Tremors in Emerging Markets Countries – Should PKR Tremble Again?…By :A A H Soomro

June 21, 2023 (MLN):Lately, speculations were rife in Pakistan’s currency markets about the rupee’s ultimate downward abode against King US dollar. A few months ago, speculators (not investors) were painting a hyperinflationary scenario of PKR at 350-400 by June.

The government has thankfully plugged the hole by telling banks to use interbank for card transactions foreign payments and keeping current accounts in check. We are meeting our external debt repayments – rolling them over – successfully with Chinese help amid a never-ending impasse with IMF.

Nevertheless, the can being kicked down the road is getting heavier and bigger.

In other parts of the globe, Nigeria had let its currency (Naira) match the unofficial parallel market nosediving 45% against the USD in a span of a few days. Notwithstanding, Nigeria’s USD 30b plus FX reserves and fairly manageable current account amid high oil prices. The unofficial rate in the economy was 60% higher than the official rate, a situation worse than Pakistan’s.

Similarly, despite being externally much resilient, Bangladesh, too, had sought IMF’s support to avert itself from potential crises. A very prudent farsightedness policy-making has let Bangladesh float its currency which has lost 16% against USD in a year.

The interest rates there at 6sh% can be tightened further to rein in the USD outflows and as such arrest Taka’s descent.
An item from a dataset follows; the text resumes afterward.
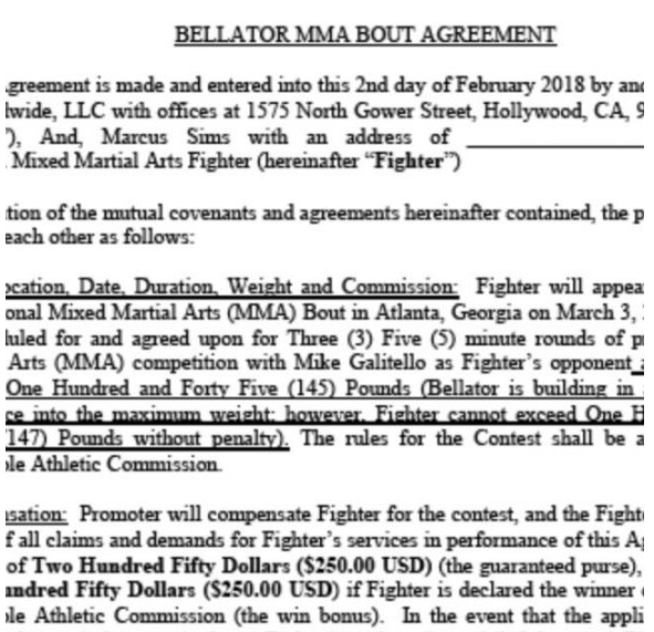O salário garantido seria de US$ 250 (R$ 825) — em caso de vitória ele dobraria o prêmio. Indignado, ele publicou parte do contrato no Twitter.

Pakistan should have learned the lesson after Covid 19’s stimulus when FX reserves were peaking and the trade deficit was under control. The slow landing of the economy coupled with political flirting with IMF has cost Pakistan’s medium-term creditworthiness.

Bangladesh sought forgiveness from Mr. Market after squandering $15 billion to defend the currency in a year. There is no plan B given mounting FX debt repayments over the next 2-3 years although the hole (trade deficit) is being artificially plugged unsustainably.

By toying with IMF’s bailout, we are playing with the lives of quarter billion people. It doesn’t take a rocket scientist to focus on growing exports, adding value to exports, attracting foreign investment, and stopping importing luxury or non-productive items. We need a countrywide indoctrination of growing exports from Pakistan.